──────── Provided entries

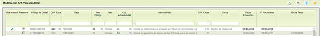 se podrán dar de alta nuevos registros de APS Vacas Nodrizas.
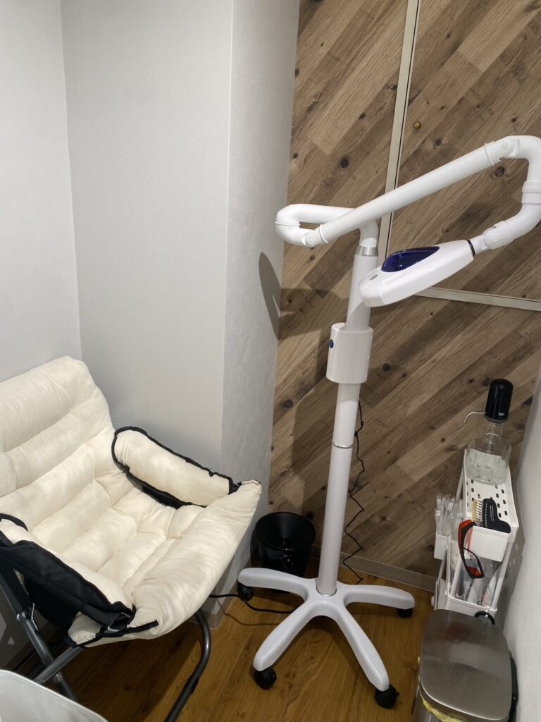 個室で専用の溶液とライトを使用し、ご自身でケアを行っていただくため、人目を気にせずリラックスした状態で施術できるのもポイントです。
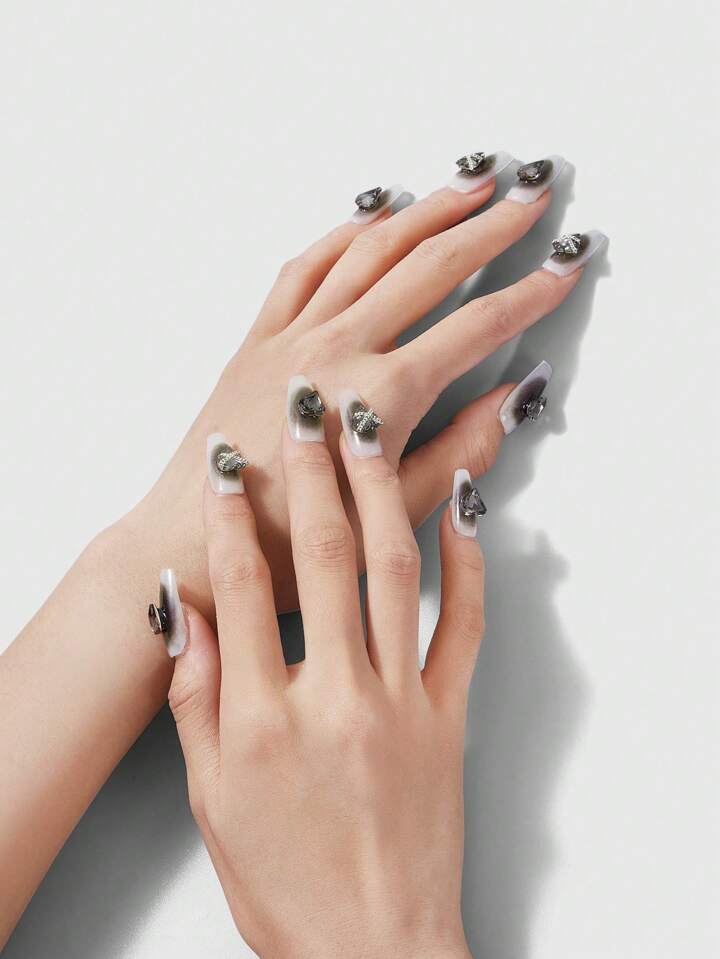 Goth 10 pezzi 3D con design cuore Unghie finte con 1 foglio bifacciale Nastro adesivo
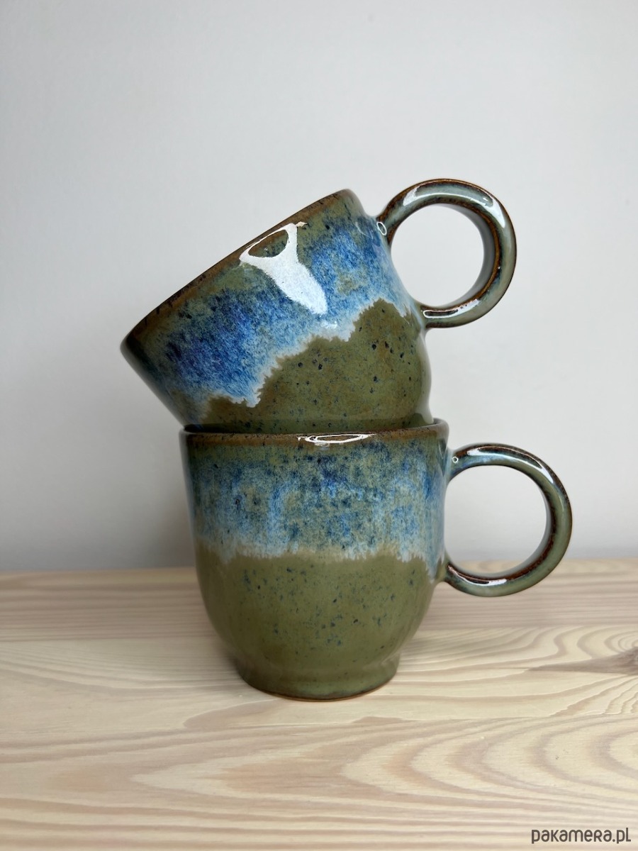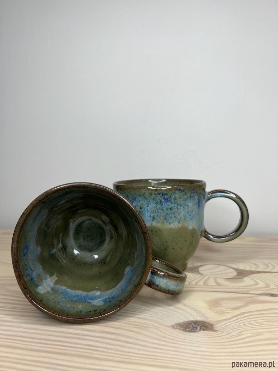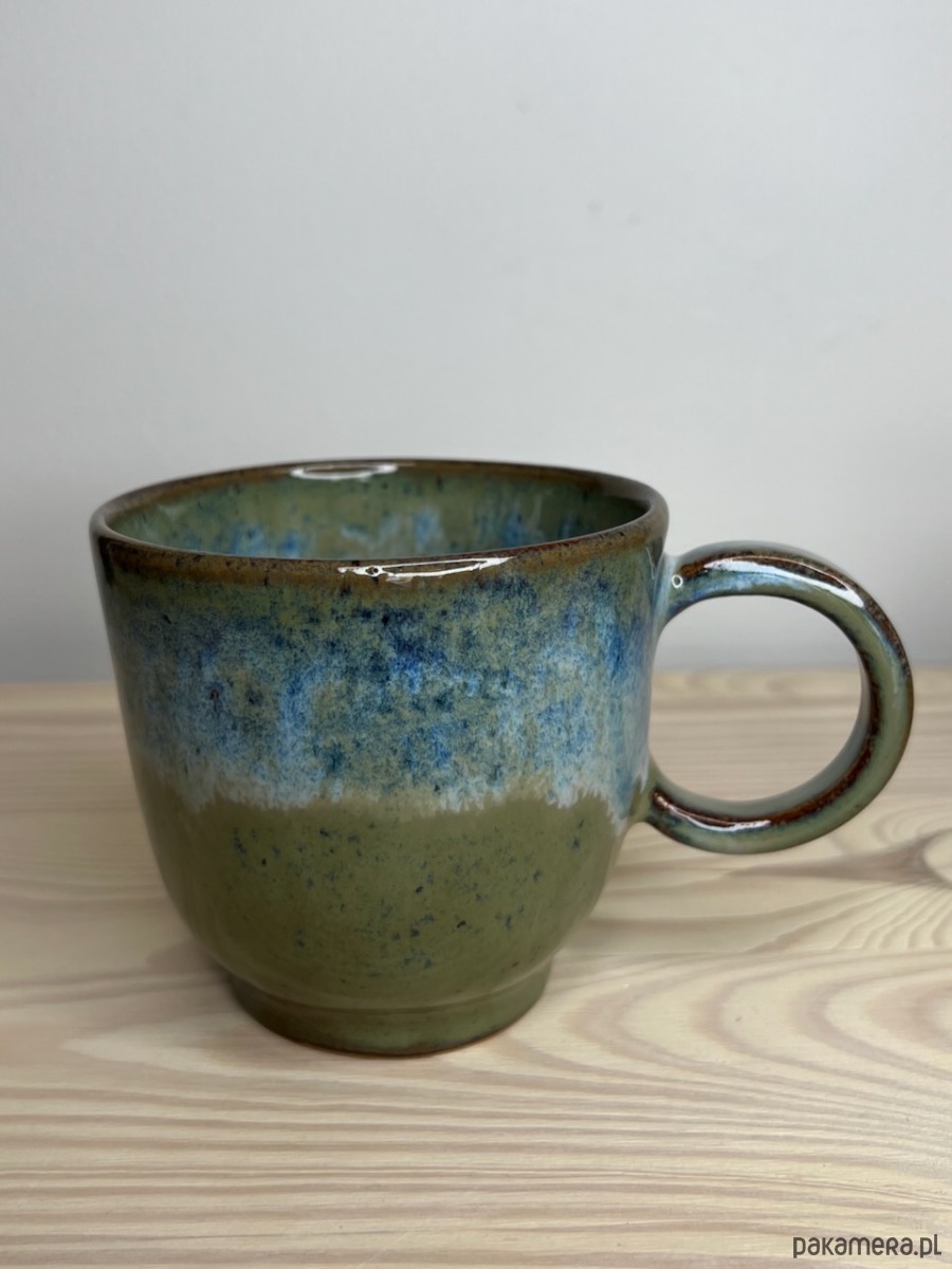 Kubek wykonany z gliny kamionkowej, pokryty wewnątrz i na zewnątrz szkliwem dopuszczonym do kontaktu z żywnością.
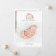 Modern and whimsical birth announcement card featuring a hand drawn illustration of a pastel rainbow. You can add your newborn baby's picture in the middle and the baby stats at the bottom. You can also add a second picture with a message on the back. Perfect for your miracle baby girl. The rainbow motif is used a lot when you had a difficult pregnancy or after a loss.
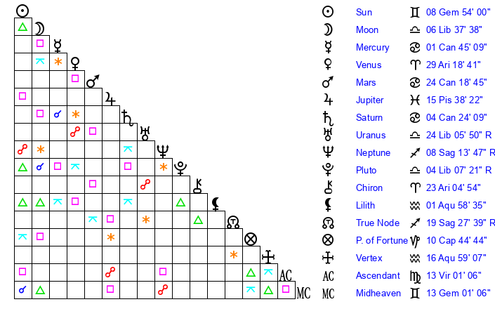| Pluto | 4 Libra 6 | 3 Aquarius 39 | 4 Libra 25 |
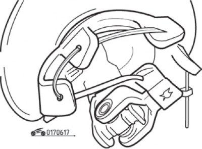 - абвяжыце аборкай клапаны ахоўнага чахла і відэлец карданнага шарніра рулявога вала (гл. мал. 6.17), прапіхніце яго ў адтуліну маторнага шчыта;
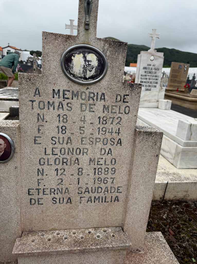 Victor has arranged for us to meet another cousin. Leonora de Melo, a granddaughter of another of my great-grandfather’s brothers. It was a wonderful visit. She shared many photos and stories, and took us to the cemetery to look at the family graves that were still there, including Victor’s grandfather and my great-grand uncle, Thomas de Melo.
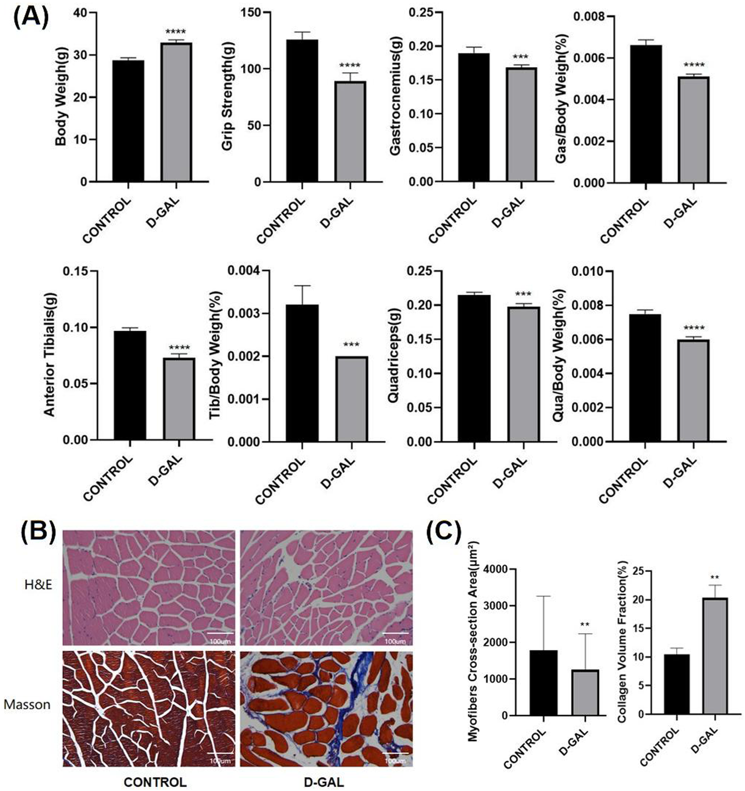 (A) Body weight, muscle strength, and the weight of lower limb skeletal muscles (gastrocnemius, tibialis anterior, quadriceps) and their percentage of the body weight of C57BL/6 mice(CONTROL vs. D-GAL) (B) The HE and Masson staining of limb skeletal muscle(CONTROL vs. D-GAL) (C) the statistical analysis of, myofiber cross sectional area (CSA) and collagen volume fraction (CVF) (compared to control group, *p < 0.05, **p < 0.01, ***p < 0.001, **** p < 0.0001).
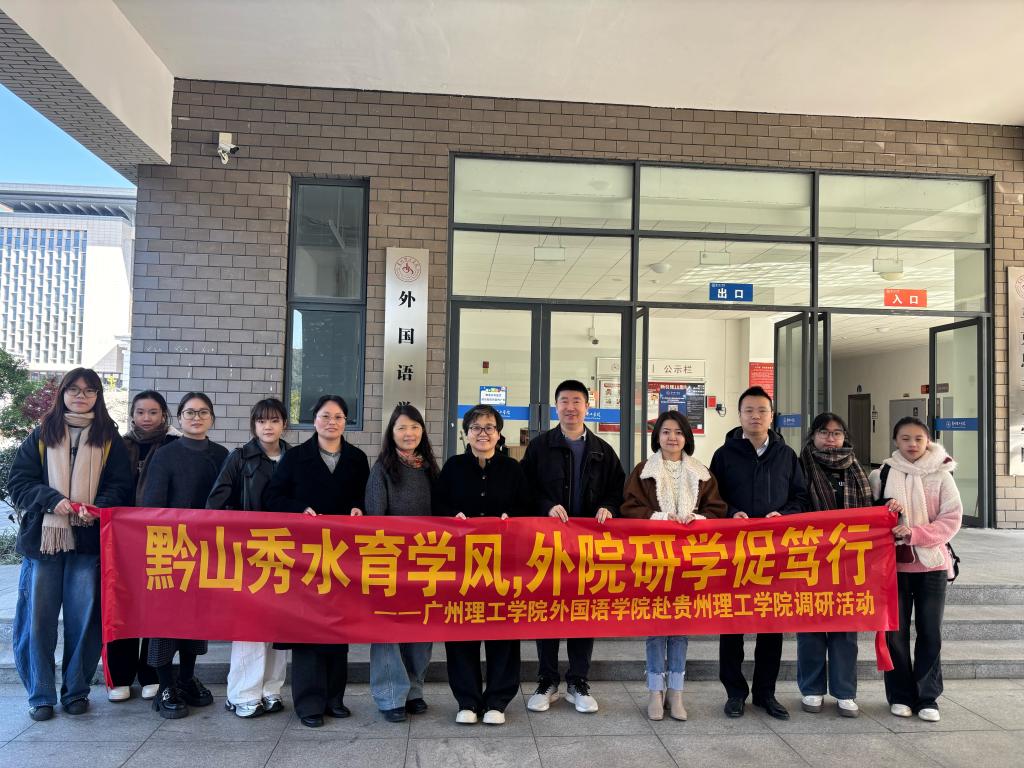为精准对标先进办学理念,聚焦学风建设提质与专业内涵发展,深化校际资源共享与合作共赢,11月21日,公司党总支副书记蔡俊带队,一行7人赴贵州理工公司开展专题调研学习。贵州理工公司公司党总支副书记杜玉红、副经理冯建平、辅导员黄超禹热情接待,双方围绕外语团队建设、学风培育、人才培养模式创新等核心议题展开深度研讨,为两校外语教育发展注入新思考。
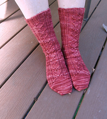 Both patterns use a Fleegle or “strong” heel (which works exactly the same in both directions). Easy and fun, with no picking up stitches, and no holes at the corners.
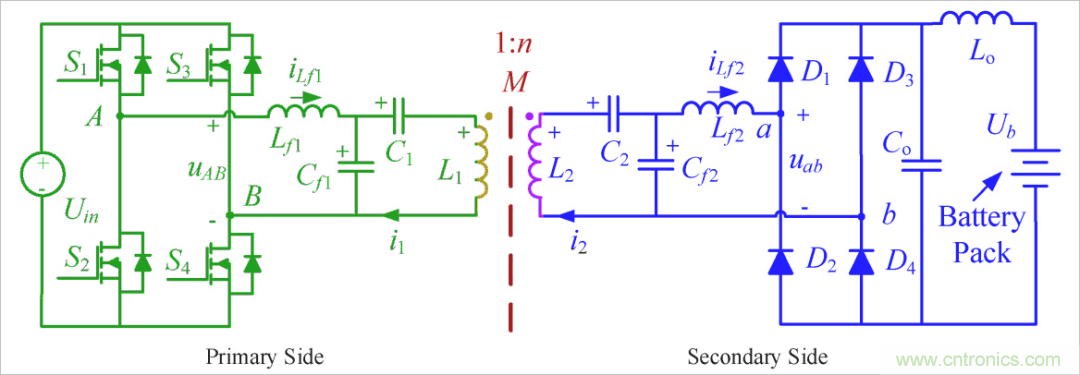 為了適應負載的波動,往往采用LCC電路補償形式。它可以在了負載變化的情況下,維持發(fā)送線圈中的電流恒定,從而提高了系統的穩(wěn)定性。
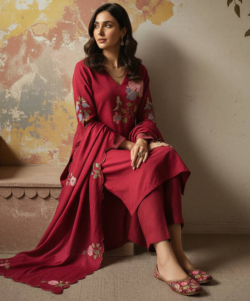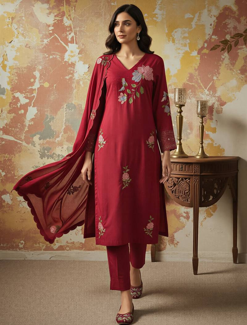 This Salwar Suit Set With Dupatta Is Elevated By A Stunning Red Organza Kurta Set Style Dupatta, Featuring Intricate Embroidery That Adds A Layer Of Ethereal Grace. Whether You Are Dressing Up For A Festive Diwali Kurti Look, An Eid Kurti Celebration, Or A Wedding Event, This Silk Kurta Set For Women Ensures You Remain The Center Of Attention. Far More Sophisticated Than Basic Cotton Kurtis, This Ensemble Functions As A Complete Women's Indian Salwar Kameez Set, Blending The Tradition Of Ethnic Kurtis With The Modern Appeal Of A Kurta Pant Set For Women. Experience The Perfect Fusion Of Style And Heritage With This Premium Party Wear Kurta Set
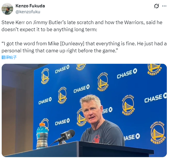究竟巴特勒怎么了?勇士赢球赛后,科尔表示他认为巴特勒不会因此错过接下来的比赛,预计下周二回归,他说道:我从迈克(邓利维)那里得知一切正常,他只是在比赛前遇到了一些私事。
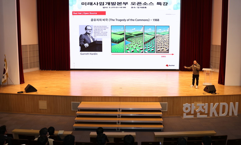 한전KDN(사장 김장현)이 27일 나주 본사 빛가람홀에서 임직원들을 대상으로 오픈소스 특강을 시행했다.

────────────────

▶ [Prompt]:
Would you retype the lines from the line containing "究竟巴特勒怎么了?勇士赢球赛" to the final line of the entries above, exactly as given and without pictures?

▶ [Solution to the exercise]:
究竟巴特勒怎么了?勇士赢球赛后,科尔表示他认为巴特勒不会因此错过接下来的比赛,预计下周二回归,他说道:我从迈克(邓利维)那里得知一切正常,他只是在比赛前遇到了一些私事。
 한전KDN(사장 김장현)이 27일 나주 본사 빛가람홀에서 임직원들을 대상으로 오픈소스 특강을 시행했다.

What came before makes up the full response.